DATASET section start

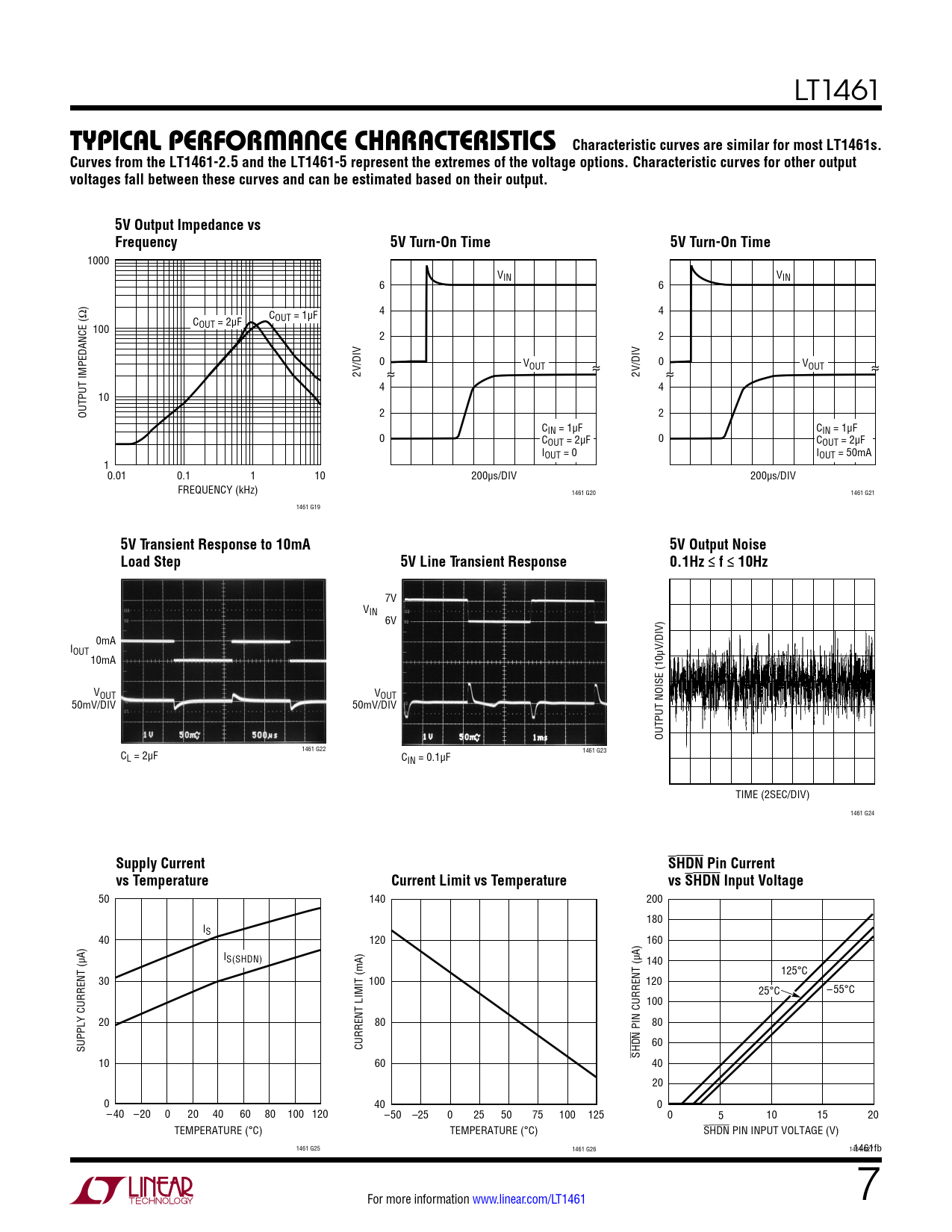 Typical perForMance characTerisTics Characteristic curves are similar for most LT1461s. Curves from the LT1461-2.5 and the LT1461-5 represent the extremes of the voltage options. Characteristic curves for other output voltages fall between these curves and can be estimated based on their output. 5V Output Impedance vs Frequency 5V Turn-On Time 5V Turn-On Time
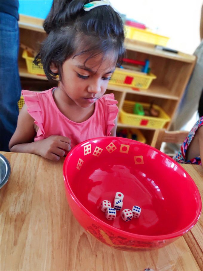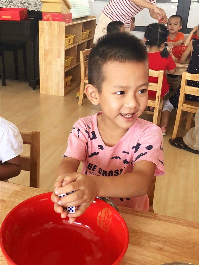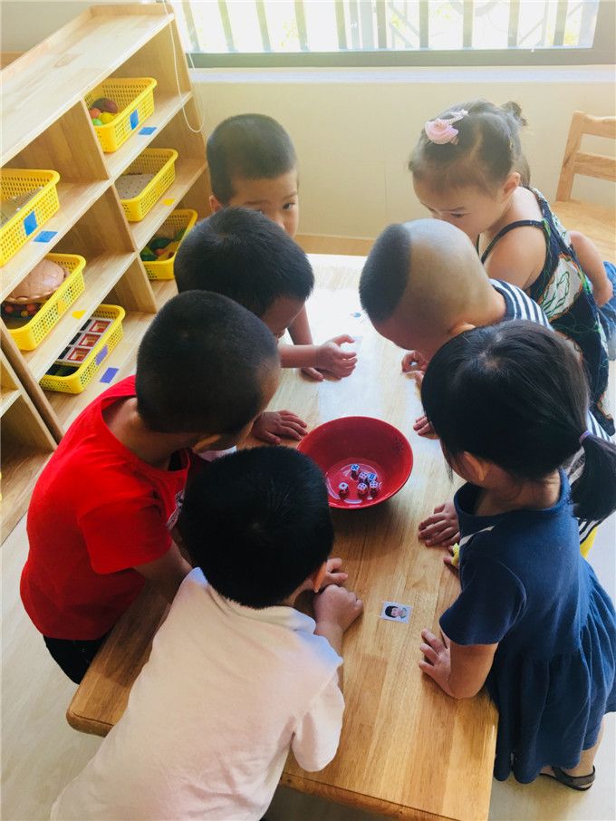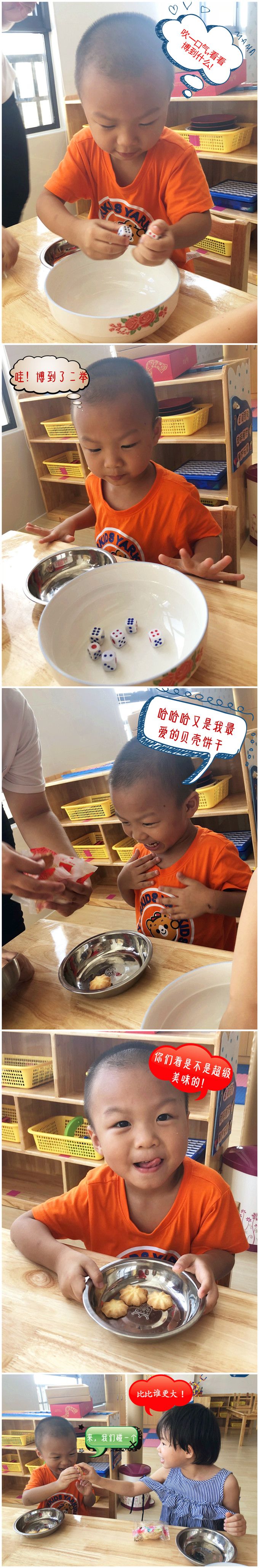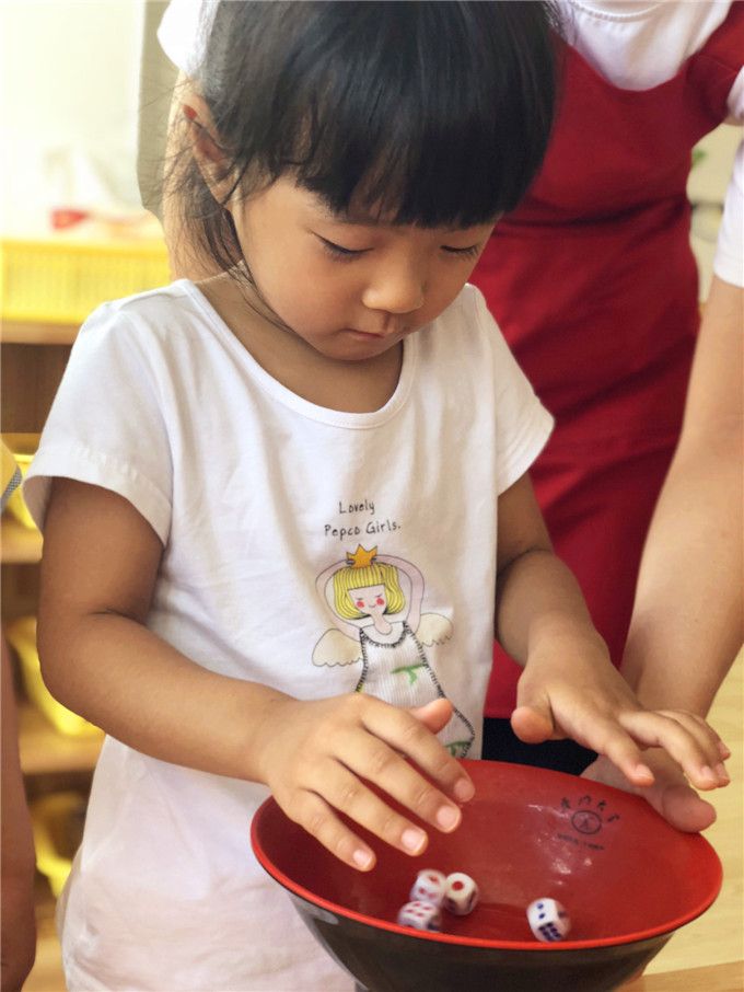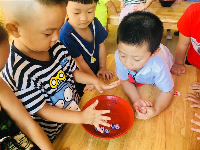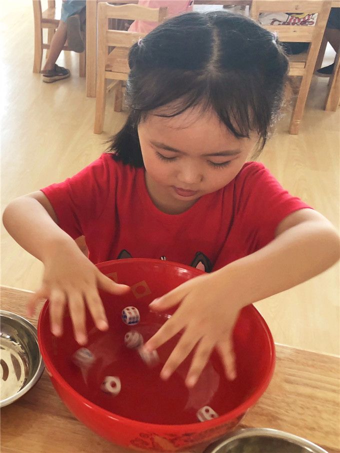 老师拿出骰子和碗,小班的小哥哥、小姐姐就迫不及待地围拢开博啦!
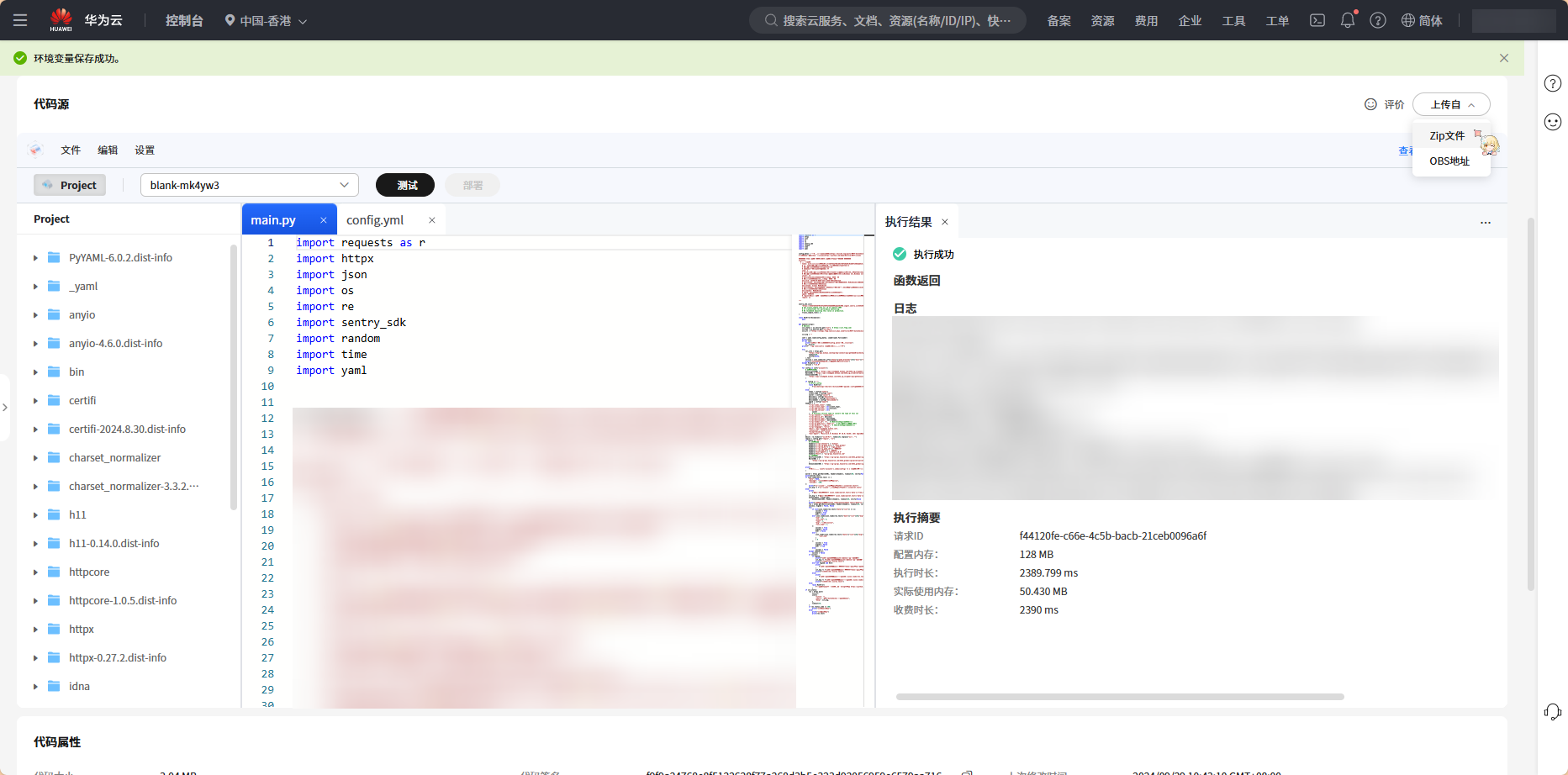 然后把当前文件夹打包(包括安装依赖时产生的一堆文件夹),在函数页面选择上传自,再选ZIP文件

DATASET section end
DATASET section start

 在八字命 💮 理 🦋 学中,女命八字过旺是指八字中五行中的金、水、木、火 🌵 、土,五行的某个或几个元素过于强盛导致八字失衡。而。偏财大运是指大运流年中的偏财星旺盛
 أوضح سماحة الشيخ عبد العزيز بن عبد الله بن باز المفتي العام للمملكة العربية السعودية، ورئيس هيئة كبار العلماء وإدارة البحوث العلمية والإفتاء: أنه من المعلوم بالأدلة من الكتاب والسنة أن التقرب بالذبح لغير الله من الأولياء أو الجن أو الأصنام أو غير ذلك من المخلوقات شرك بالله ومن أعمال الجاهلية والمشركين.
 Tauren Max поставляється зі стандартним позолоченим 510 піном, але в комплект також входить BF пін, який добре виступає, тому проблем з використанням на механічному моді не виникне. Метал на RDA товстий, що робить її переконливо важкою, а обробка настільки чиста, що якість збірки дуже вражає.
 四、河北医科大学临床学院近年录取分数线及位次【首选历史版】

DATASET section end

__DESCRIPTION OF THE TASK__
Above this task is a listing with pictures in it. Retype only the lines from the one containing "Typical perForMance characTerisTics" through the one containing "然后把当前文件夹打包(包括安", both included, and not the pictures.

__RESPONSE AREA__
 Typical perForMance characTerisTics Characteristic curves are similar for most LT1461s. Curves from the LT1461-2.5 and the LT1461-5 represent the extremes of the voltage options. Characteristic curves for other output voltages fall between these curves and can be estimated based on their output. 5V Output Impedance vs Frequency 5V Turn-On Time 5V Turn-On Time
 老师拿出骰子和碗,小班的小哥哥、小姐姐就迫不及待地围拢开博啦!
 然后把当前文件夹打包(包括安装依赖时产生的一堆文件夹),在函数页面选择上传自,再选ZIP文件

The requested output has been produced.